----- Available data

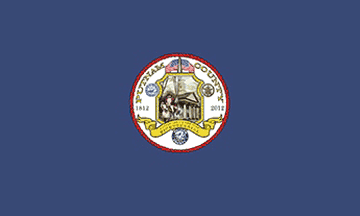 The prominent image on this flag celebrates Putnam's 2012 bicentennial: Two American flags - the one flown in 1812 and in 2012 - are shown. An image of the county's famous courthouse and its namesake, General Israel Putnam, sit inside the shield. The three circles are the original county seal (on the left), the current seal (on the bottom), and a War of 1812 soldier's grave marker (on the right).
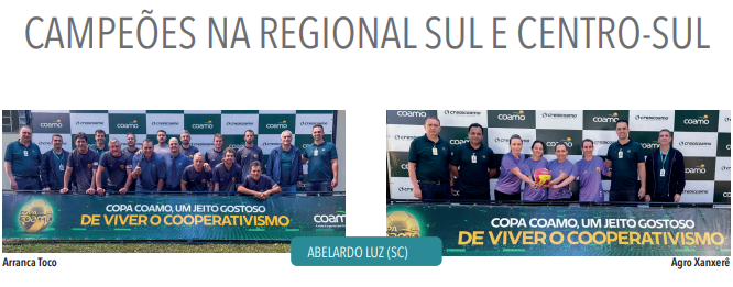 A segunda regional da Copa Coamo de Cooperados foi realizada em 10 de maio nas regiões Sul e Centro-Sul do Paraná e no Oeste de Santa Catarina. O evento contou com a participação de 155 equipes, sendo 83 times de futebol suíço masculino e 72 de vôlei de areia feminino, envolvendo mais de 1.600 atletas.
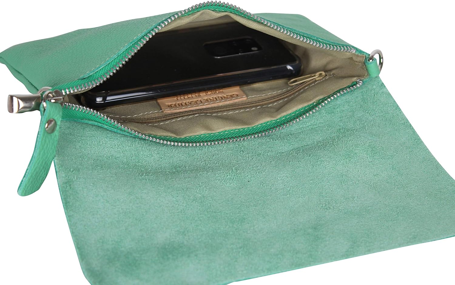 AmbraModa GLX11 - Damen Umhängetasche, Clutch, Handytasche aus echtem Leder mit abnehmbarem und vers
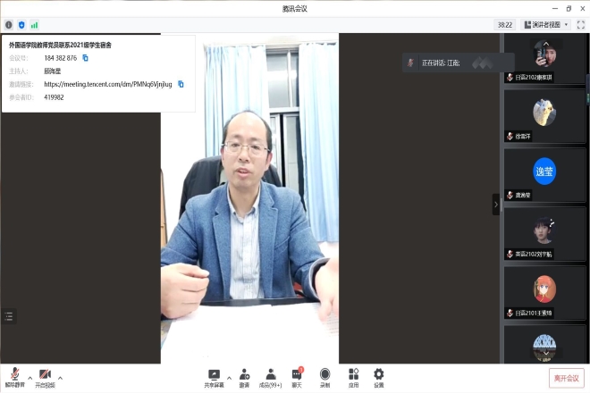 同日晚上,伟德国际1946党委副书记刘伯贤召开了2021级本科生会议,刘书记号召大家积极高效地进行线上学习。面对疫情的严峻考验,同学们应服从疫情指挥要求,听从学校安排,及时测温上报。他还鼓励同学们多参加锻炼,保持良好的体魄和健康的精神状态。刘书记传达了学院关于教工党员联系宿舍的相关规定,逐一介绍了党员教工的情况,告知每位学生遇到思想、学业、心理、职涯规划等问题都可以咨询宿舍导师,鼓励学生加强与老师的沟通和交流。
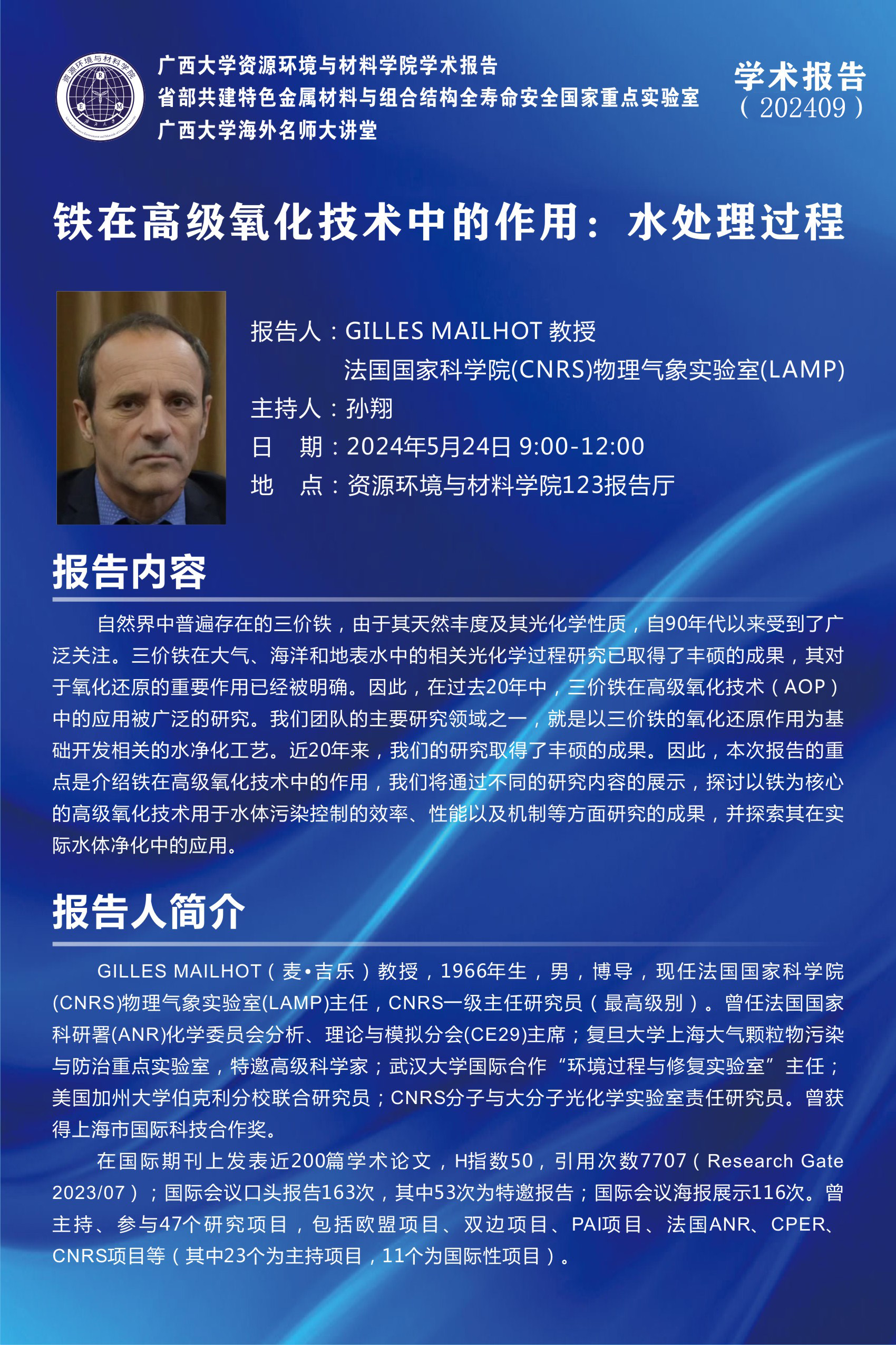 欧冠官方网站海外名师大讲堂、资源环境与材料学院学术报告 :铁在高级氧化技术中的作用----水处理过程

----------

Work instruction. Give back the full listing verbatim, skipping each picture.

Answer to this task.
 The prominent image on this flag celebrates Putnam's 2012 bicentennial: Two American flags - the one flown in 1812 and in 2012 - are shown. An image of the county's famous courthouse and its namesake, General Israel Putnam, sit inside the shield. The three circles are the original county seal (on the left), the current seal (on the bottom), and a War of 1812 soldier's grave marker (on the right).
 A segunda regional da Copa Coamo de Cooperados foi realizada em 10 de maio nas regiões Sul e Centro-Sul do Paraná e no Oeste de Santa Catarina. O evento contou com a participação de 155 equipes, sendo 83 times de futebol suíço masculino e 72 de vôlei de areia feminino, envolvendo mais de 1.600 atletas.
 AmbraModa GLX11 - Damen Umhängetasche, Clutch, Handytasche aus echtem Leder mit abnehmbarem und vers
 同日晚上,伟德国际1946党委副书记刘伯贤召开了2021级本科生会议,刘书记号召大家积极高效地进行线上学习。面对疫情的严峻考验,同学们应服从疫情指挥要求,听从学校安排,及时测温上报。他还鼓励同学们多参加锻炼,保持良好的体魄和健康的精神状态。刘书记传达了学院关于教工党员联系宿舍的相关规定,逐一介绍了党员教工的情况,告知每位学生遇到思想、学业、心理、职涯规划等问题都可以咨询宿舍导师,鼓励学生加强与老师的沟通和交流。
 欧冠官方网站海外名师大讲堂、资源环境与材料学院学术报告 :铁在高级氧化技术中的作用----水处理过程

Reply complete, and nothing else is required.